## ASSIGNMENT
Repeat the records below verbatim and include no pictures.

(Source data)
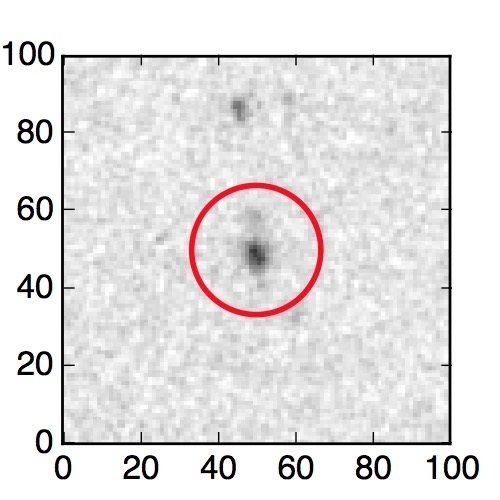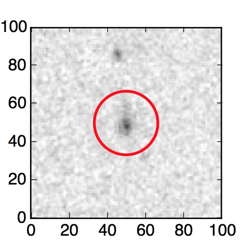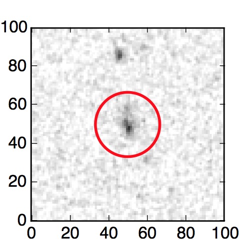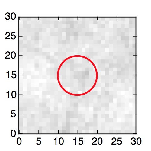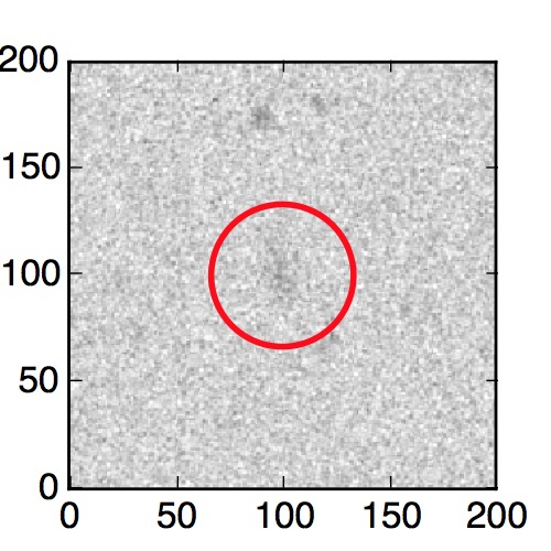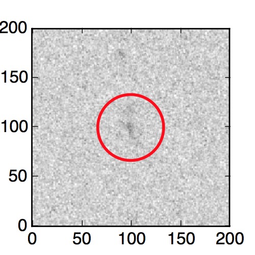 The red circle in the various panels is 1" in radius. The images are 6"x6".
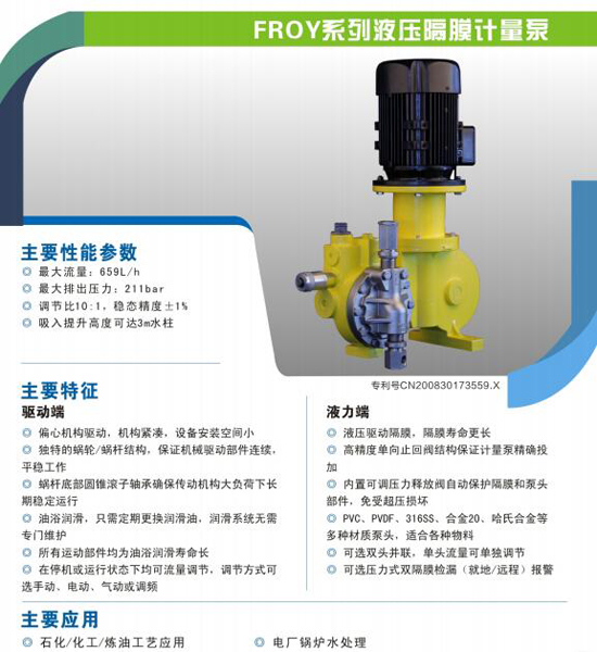 南方FROY系列液壓隔膜計量泵:偏心機構驅動,機構緊湊,設備安裝空間小。獨特的蝸輪蝸桿結構,保證機械驅動部件連續(xù)、平穩(wěn)工作。
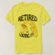 Un ilustracion gráfico de un mapa de Florida da forma al sol y una silla fácil en una camiseta masculina (o cualquier otra) de Florida. La camiseta tiene el texto "¡Retirado y amándolo!". ©2012charmainepaulson
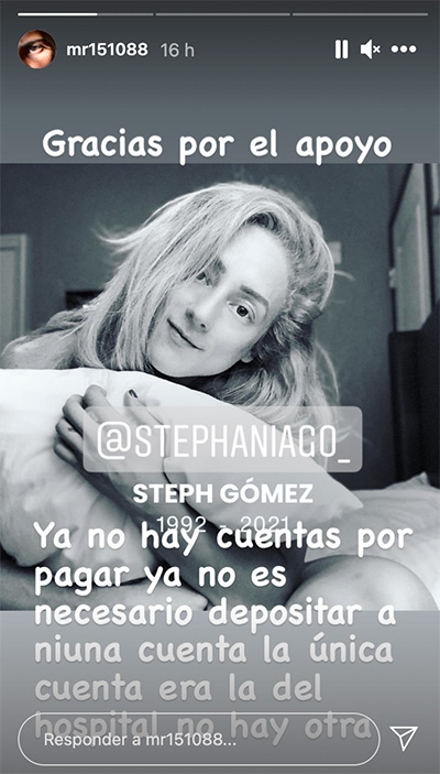 “Venga Coach! @stephaniago_ te estoy esperando y por ti soy fuerte y por ti no me estoy dejando vencer por la incertidumbre por qué tu me enseñaste qué hay situaciones y experiencias difíciles pero no imposibles y los límites se los pone uno mismo, que en cada competencia entregas todo y cómo siempre me da miedo verte competir me quedo atrás viéndote de lejitos xq me duele que te hagan algo, pero siempre regresas con una sonrisa y una luz única del fuego que proyectan esos ojos. Aquí estoy y te estoy esperando cabrona!”.
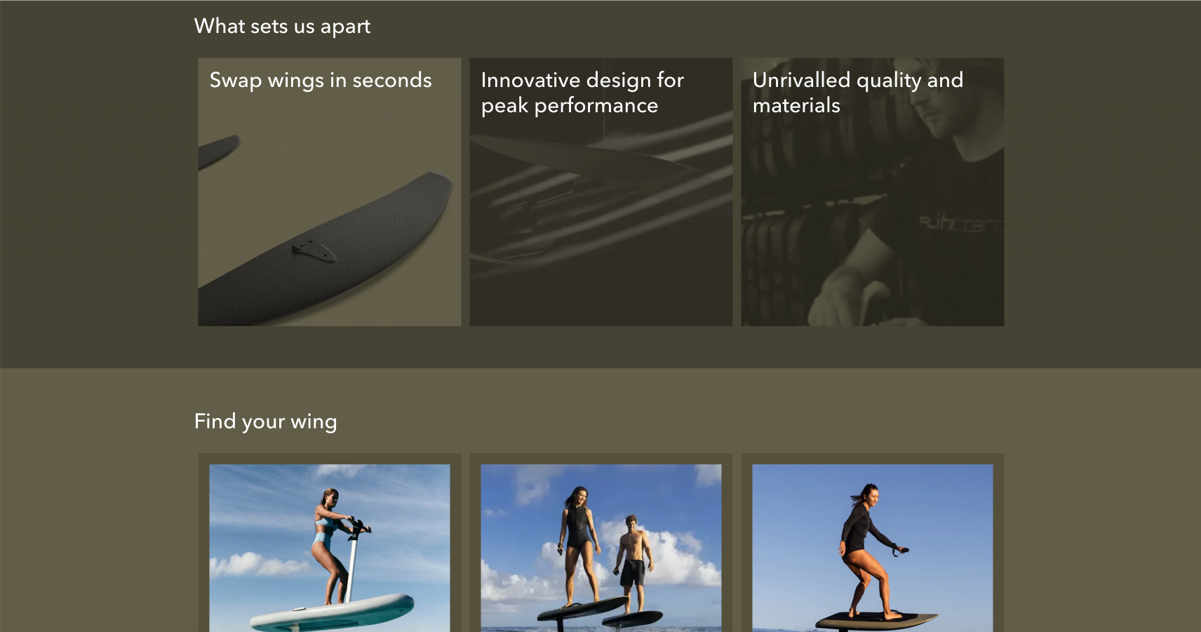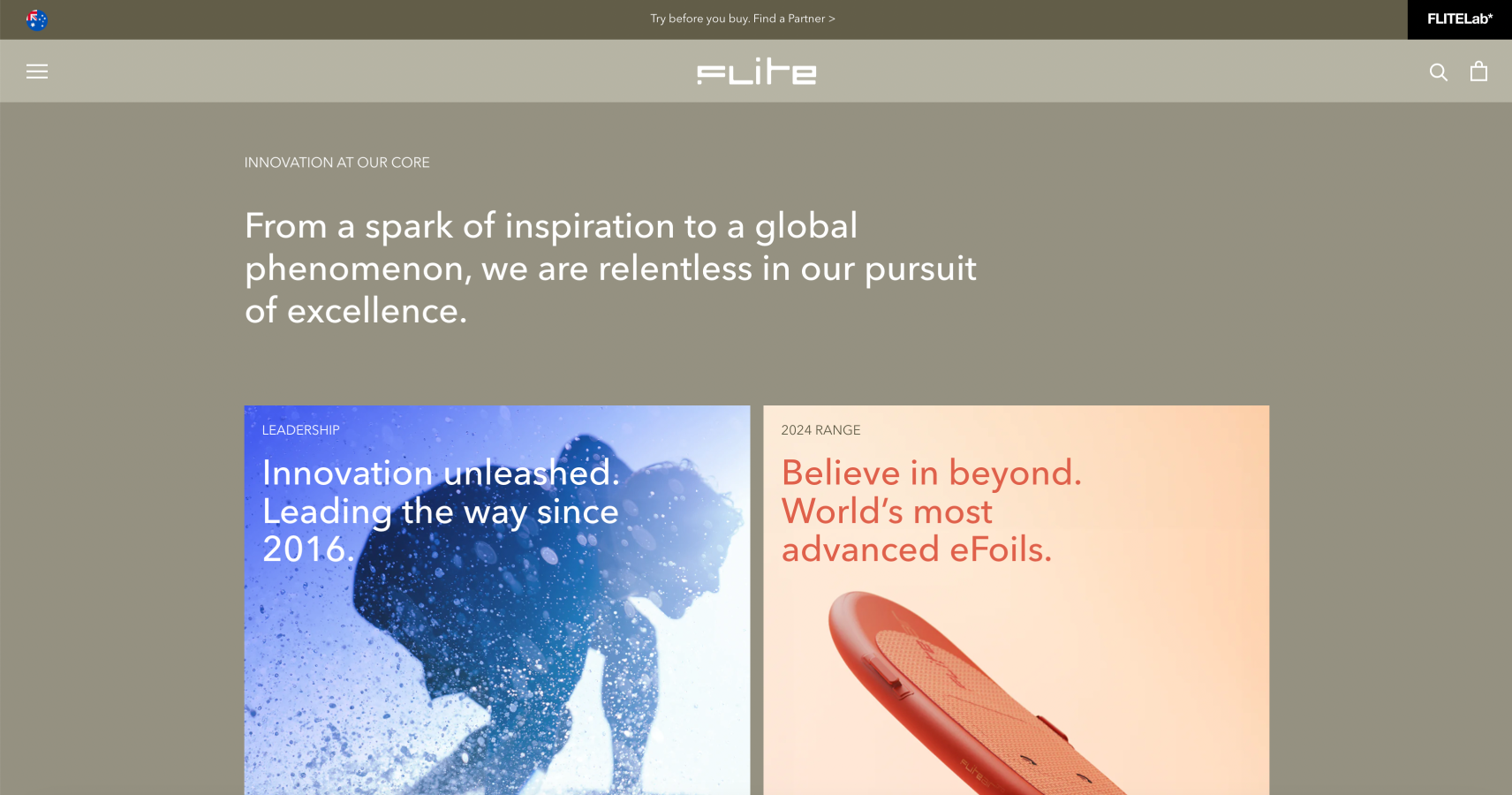 Fliteboard’s history started in 2017 with an initial focus on raising awareness of their product, and generating custom deposit-based orders, and the original website was developed with this purpose in mind. Not being a fully functioning e-commerce website, when the business began to evolve and grow, and the market and their customers became more demanding, numerous operational challenges began to arise. Fliteboard recognised the need to migrate to a powerful ecommerce platform in order to overcome these challenges, and partnered with 30Acres to undergo a migration to Shopify Plus.

## SOLUTION
 The red circle in the various panels is 1" in radius. The images are 6"x6".
 南方FROY系列液壓隔膜計量泵:偏心機構驅動,機構緊湊,設備安裝空間小。獨特的蝸輪蝸桿結構,保證機械驅動部件連續(xù)、平穩(wěn)工作。
 Un ilustracion gráfico de un mapa de Florida da forma al sol y una silla fácil en una camiseta masculina (o cualquier otra) de Florida. La camiseta tiene el texto "¡Retirado y amándolo!". ©2012charmainepaulson
 “Venga Coach! @stephaniago_ te estoy esperando y por ti soy fuerte y por ti no me estoy dejando vencer por la incertidumbre por qué tu me enseñaste qué hay situaciones y experiencias difíciles pero no imposibles y los límites se los pone uno mismo, que en cada competencia entregas todo y cómo siempre me da miedo verte competir me quedo atrás viéndote de lejitos xq me duele que te hagan algo, pero siempre regresas con una sonrisa y una luz única del fuego que proyectan esos ojos. Aquí estoy y te estoy esperando cabrona!”.
 Fliteboard’s history started in 2017 with an initial focus on raising awareness of their product, and generating custom deposit-based orders, and the original website was developed with this purpose in mind. Not being a fully functioning e-commerce website, when the business began to evolve and grow, and the market and their customers became more demanding, numerous operational challenges began to arise. Fliteboard recognised the need to migrate to a powerful ecommerce platform in order to overcome these challenges, and partnered with 30Acres to undergo a migration to Shopify Plus.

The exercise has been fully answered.